# Task brief:
Once you find the line with "De Dromen. Doen." in the listing below, set down exactly every line from it through the line with "Paraffin-Heizung (Best.-Nr. 101.0550)", but no pictures.

Start of Entries shown

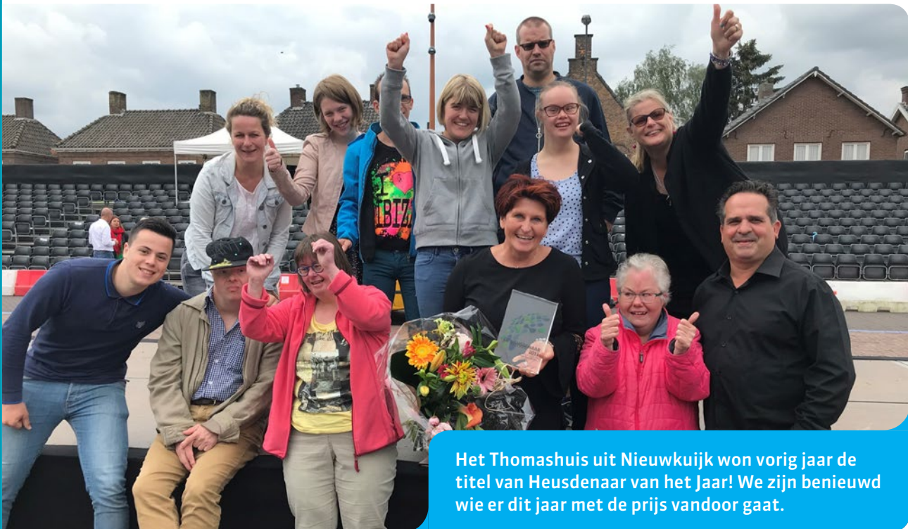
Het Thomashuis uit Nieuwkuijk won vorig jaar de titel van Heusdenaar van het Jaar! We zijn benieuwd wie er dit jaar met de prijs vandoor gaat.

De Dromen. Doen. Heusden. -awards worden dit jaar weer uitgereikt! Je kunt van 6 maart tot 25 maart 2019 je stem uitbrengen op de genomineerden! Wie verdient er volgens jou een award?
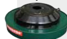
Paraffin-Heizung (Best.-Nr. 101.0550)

End of Entries shown
Start of Entries shown

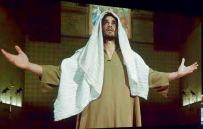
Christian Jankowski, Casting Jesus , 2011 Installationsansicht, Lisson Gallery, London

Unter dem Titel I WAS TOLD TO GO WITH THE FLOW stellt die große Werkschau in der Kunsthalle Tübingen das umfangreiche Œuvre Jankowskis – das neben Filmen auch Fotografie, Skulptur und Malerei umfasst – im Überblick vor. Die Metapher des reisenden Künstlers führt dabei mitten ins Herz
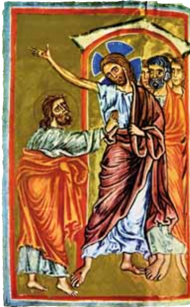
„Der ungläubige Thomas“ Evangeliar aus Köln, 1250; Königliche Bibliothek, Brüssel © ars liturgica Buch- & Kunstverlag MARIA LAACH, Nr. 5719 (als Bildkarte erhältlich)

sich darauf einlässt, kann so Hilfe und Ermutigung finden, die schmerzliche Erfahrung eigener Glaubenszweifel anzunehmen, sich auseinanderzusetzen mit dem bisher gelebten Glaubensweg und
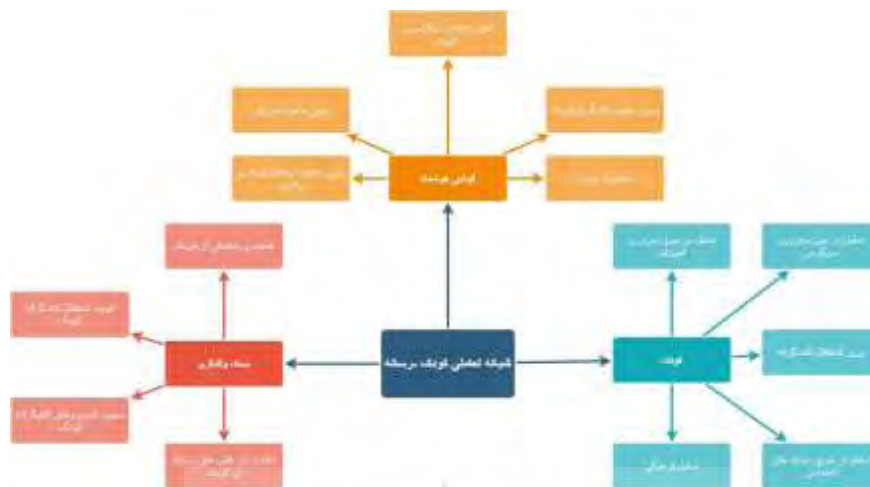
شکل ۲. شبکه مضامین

End of Entries shown

# Result of the task:
De Dromen. Doen. Heusden. -awards worden dit jaar weer uitgereikt! Je kunt van 6 maart tot 25 maart 2019 je stem uitbrengen op de genomineerden! Wie verdient er volgens jou een award?
Paraffin-Heizung (Best.-Nr. 101.0550)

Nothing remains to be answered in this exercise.